Uzmanlar, birinin bir şeyi “paylaşması” gereken koşulları belirlemekte tereddüt etse de, belirli faktörlerin kararı etkileyebileceğini söyledi. Tıbbi bir durumu açıklamaya yönelik bazı güçlü argümanlar kendi sağlığınızı korumakla ilgilidir.

“Nedeni ne olursa olsun, bir kişinin mahremiyet arzusunu her zaman kabul ediyorum” dedi Dr. Fann. “Ancak, teşhislerini tamamen gizli tutarlarsa veya bunun hakkında konuşamazlarsa (özellikle tedaviye gitmek veya kulak vermek gibi), ihtiyaç duyduklarında yardım istemelerinin onlar için daha zor olabileceğini de açıklıyorum. onlara ihtiyaç duyulduğunda “Streslisin.”

Gizlilik aynı zamanda sosyal izolasyona da yol açabilir.
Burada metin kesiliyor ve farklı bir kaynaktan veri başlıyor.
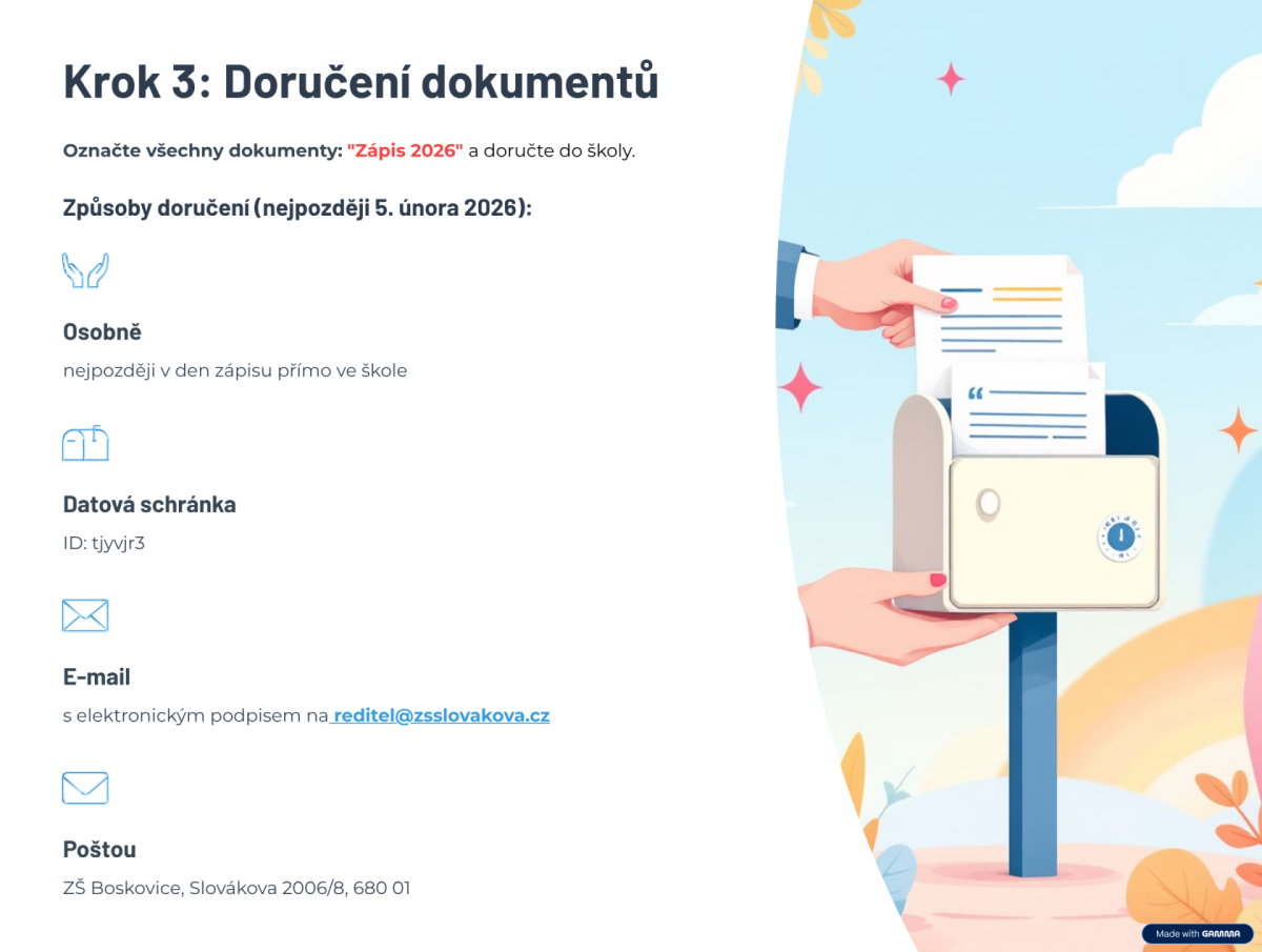 - poštou na adresu: Základní škola Boskovice, Slovákova, příspěvková organizace, Slovákova 2006/8 680 01 Boskovice
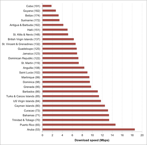 Figure 1: Mean household Internet download speeds in select Caribbean countries as of 17 March 2015 (Source: Ookla)
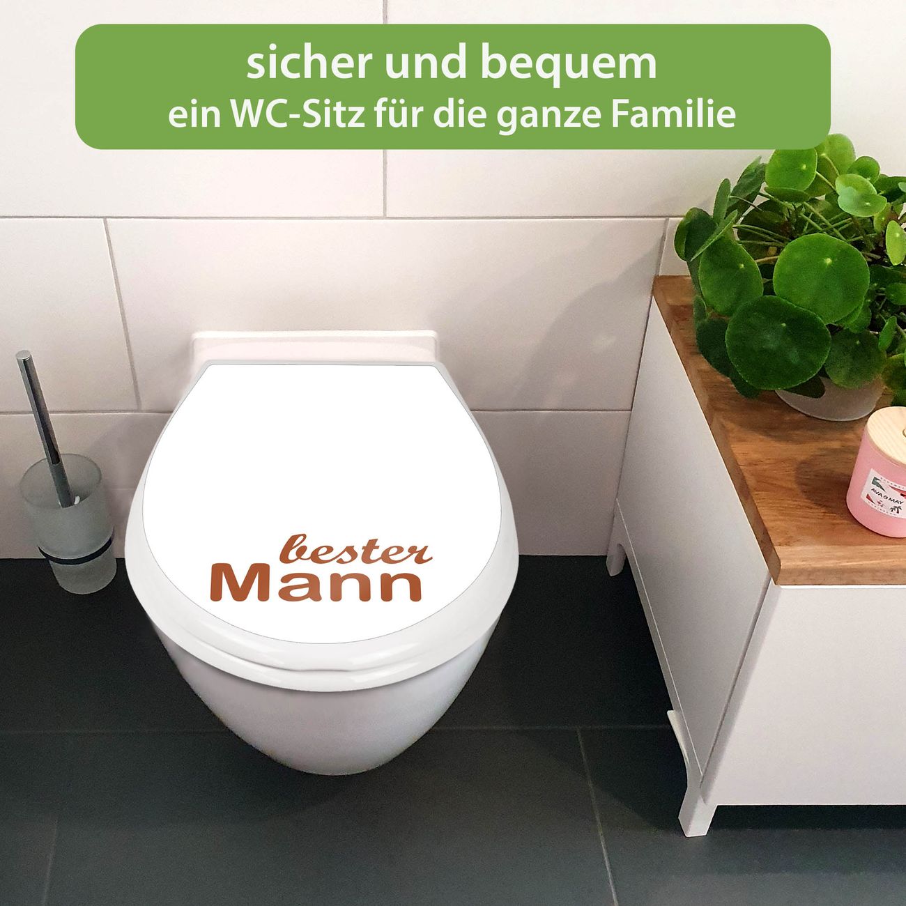 FUNKTION:Mit dem banjado Familien WC Sitz mit Absenkautomatik und dem Motiv Motiv bester Mann 2 verbinden Sie Design mit Funktionalität. Sie erhalten den Toilettendeckel in bewährt guter Qualität mit Montagematerial passend auf alle Euro-WC-Becken. Die Gesamtgröße beträgt 37,1cm x 44,9cm x 5cm, die Grundfarbe ist weiß.</p> DESIGN:Der Klodeckel in weiß mit Motiv Motiv bester Mann 2 hat eine ansprechende Optik, eine besondere Form und ist sehr stabil. Das Motiv besteht aus einer farbbrillianten Motivfolie, die durch ein Schutzlaminat zusätzlich vor Kratzern schützt. Der integrierte Kindersitz fügt sich harmonisch ein. DETAILS:Der Toilettensitz mit Soft Close besteht aus hochwertigem Polypropylen, ist geruchlos, ungiftig und kann mit handelsüblicher Seife gereinigt werden. Die Montage kann von von oben oder von unten erfolgen und ist kinderleicht. NUTZEN:Mit Hilfe der detaillierten Aufbauanleitung ermöglichen wir eine schnelle und unkomplizierte Montage. Die banjado Klobrille ist universell geeignet für alle Euro-WC-Schüsseln. Der Kindersitz kann unkompliziert entfernt werden. BANJADO:Ihr WC-Deckel wird in Sachsen in einer kleinen Manufaktur von Hand veredelt. Die Motivfolie ist lösungsmittelfrei und schutzlaminiert für einen langen Halt. Wir wünschen viel Freude bei der Auswahl eines schönen Motivs.
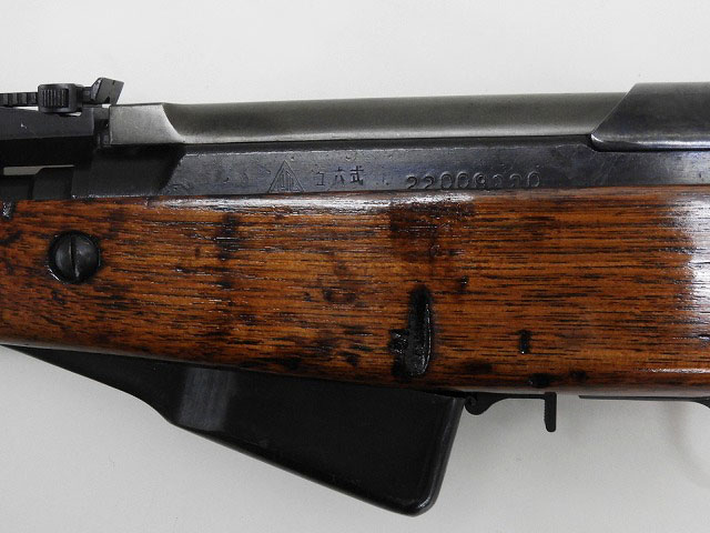 機関部に三角形の中に記号のような文字の造兵廠刻印と漢字で五六式と刻印が入っています。スパイクは溶接で固定されており開く事は出来ません。木製ストックとハンドガードは単材で作られています。クリーニング・ロッド付。
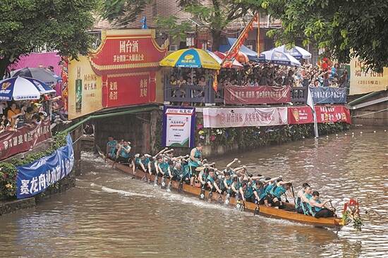 中山古镇龙舟赛:5月31日,中山古镇中心大河十三桡龙舟赛竞赛。
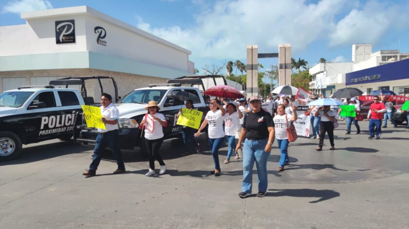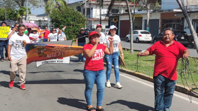 Con mantas, pancartas, cantos y consignas, los profesores y profesoras afiliados a la CNTE se concentraron en la plaza cívica del Congreso del Estado, donde mantienen un plantón permanente y desde ahí partieron en contingentes para marchar por las principales avenidas del centro histórico de Chetumal.

“Yalnızlığın, bir hastanın hastalıklarıyla ne kadar iyi yaşayabileceği üzerinde derin bir etkisi var” dedi Dr. Kül. “Gizliliğin getirdiği yük gerçekten de çok fazla strese, çok fazla endişeye ve depresyona katkıda bulunuyor.

Ancak bir hastalığı gizli tutmanın kişisel refahı nasıl etkileyebileceği sorusunun yanı sıra, diğer insanların bilme hakkının da önemli olduğunu belirten Dr. Meyers, bu mutlak değil.

“Herkesin bir kişinin gizli sağlık durumuna ilişkin tüm ayrıntıları bilmesine gerek yok” dedi. Bir arkadaşınıza hastalığınızdan bahsedebilirsiniz ancak tedavinizin ayrıntılarına girmeyebilirsiniz; Veya işvereninizle hayatınızı değiştirecek bir teşhis hakkında konuşabilirsiniz, ancak bunu ancak doktorunuzla uzun vadeli planı tartışmak için zamanınız olduktan sonra yapabilirsiniz. (Genel olarak çoğu çalışanın kişisel sağlık bilgilerini paylaşmasına gerek yoktur.)


Dr. Meyers kendinize şu soruyu sormanızı öneriyor: Söz konusu kişi hayatınız ve refahınız söz konusu olduğunda bir “paydaş” mı, yoksa sadece bir “seyirci” mi? İzleyicilerin pek fazla “bilgi alma hakkı” olmadığını ancak paydaşların bundan etkilendiğini ve bunun dikkate alınması gerektiğini söyledi.

Başka bir deyişle, teşhisten birinci dereceden ailenize bahsetmek isteyebilirsiniz, ancak tüm sosyal ağınızı değil.

“İşlerinde ve kişisel yaşamlarında destek, yardım ve bakım sağlayan başka insanlara sahip olacak kadar şanslı olanlar için, açıklama çok olumlu bir şey olabilir” dedi Dr. Meyers. “Ancak her bireyin gerçekten psikolojik güvenliği ve kırılganlığın pratik yönlerini değerlendirmesi gerekiyor.”